The woods were rich with game. All around them, Jimbo could hear hooves crashing away into the underbrush on their approach. A few times, he spotted tiny deer in the second between their ears perking up and their rumps bounding away into the lattice of tree boles and tanglefoot. He heard the high yipping barks of foxes in the distance. Black squirrels leaped from branches overhead, sending down a silent rain of needles.
A knot of partridges with orange crests atop their heads exploded out of a copse of scrub before them. Two of the freed slaves they’d picked up brought down a few birds with thrown stones. They grinned as they plucked the birds clean while they walked along. Jimbo was impressed. The two men downed five birds inside of a span of less than two seconds. No one back on the reservation could have done that well, not even Jimbo. And he’d brought home dinner stunned by thrown rocks many times growing up.

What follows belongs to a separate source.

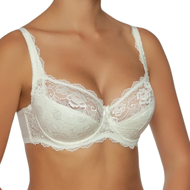 Полупоролоновый бюстгальтер на большую размерную группу из эластичного кружевного полотна с цветочным узором. Верхняя деталь чашки выполнена из кружева, нижняя деталь продублированная мягким поролоном. Внутренняя поверхность чашек хлопковая. Обеспечивает и усиливает естественную поддержку груди. Широкие бочки из эластичной микрофибры укреплены дополнительными вертикальными каркасами, которые помогают сохранять форму стана. Бретели из эластичной тесьмы. Регуляторы длины сзади. Декор - атласный бантик.

James Smalls was once again filled with the feeling of being truly alive in a place and time not his own. The men running with him were as different from him in culture as it was possible to be, yet he felt an affinity with them. For all the miracles and comforts of the twenty-first century, he could never feel the freedom there that these men felt. Earlier today, they were slaves. Here, only a few hours later, their separate fates were waiting to be discovered. A man could reinvent himself here if he had the nerve and the will.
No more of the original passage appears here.